One major challenge is simply that so many social tenants rely on welfare payments to survive, and the general tightening up of social security is magnifying existing financial problems and residents’ ability to pay rent regularly and on time.
One in 11 people in Britain now worry that they will not be able to pay their rent or mortgage, and 70% of rent or mortgage payers with children are currently struggling or falling behind with their payments, according to research  from Shelter.
Reforms such as the housing benefit size criteria – the so-called ‘bedroom tax’ – along with changes to council tax charges and general benefit freezes, are putting pressure on tenants, and in doing so changing their relationship with social landlords.
Two-thirds of households in England affected by the bedroom tax have fallen into rent arrears since the policy was introduced in April 2013, while one in seven families have received eviction risk letters, according to  research by The National Housing Federation (NHF).
Rise in evictions
In some cases the cuts in social housing funding have forced rent rises – to up to 80% of market values – leading to a rise in evictions. In addition, tenants are reporting more sanctions, exclusions and payment suspensions.

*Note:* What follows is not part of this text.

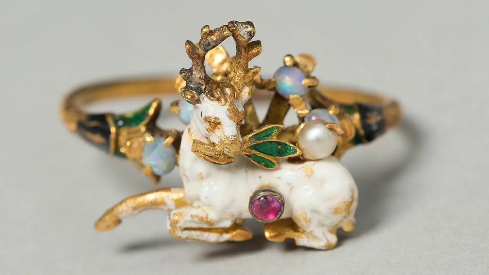 Кольцо с оленем, Германия, около 1550-1600 гг. (Heritage Art/Heritage Images via Getty Images):

There are also future developments that need to be considered now. Plans for a ‘universal credit’ are already causing real worries, with widespread concern about its implementation, whether it will have a positive impact or not, and how recipients will cope with the transfer to monthly budgeting.
As a result of all this, social landlords have had to increase the resources they devote to tenant training advice, and invest more in face-to-face contact and financial support. This increasing focus on existing tenants has taken resources away from building new homes and offering new tenancies.
But the pressure isn’t only coming directly from central government welfare cuts.
All local authorities are engaged in a relentless drive to find savings, and many have pushed more responsibilities on to housing associations as a means of streamlining their own operations. In the past, some housing associations would ‘top up’ council funds if they fell short, but this is becoming increasingly hard as the shortfall grows.
More broadly, general cuts to council services and infrastructure is, in some cases, leaving service gaps, with tenants turning to social landlords to fill this.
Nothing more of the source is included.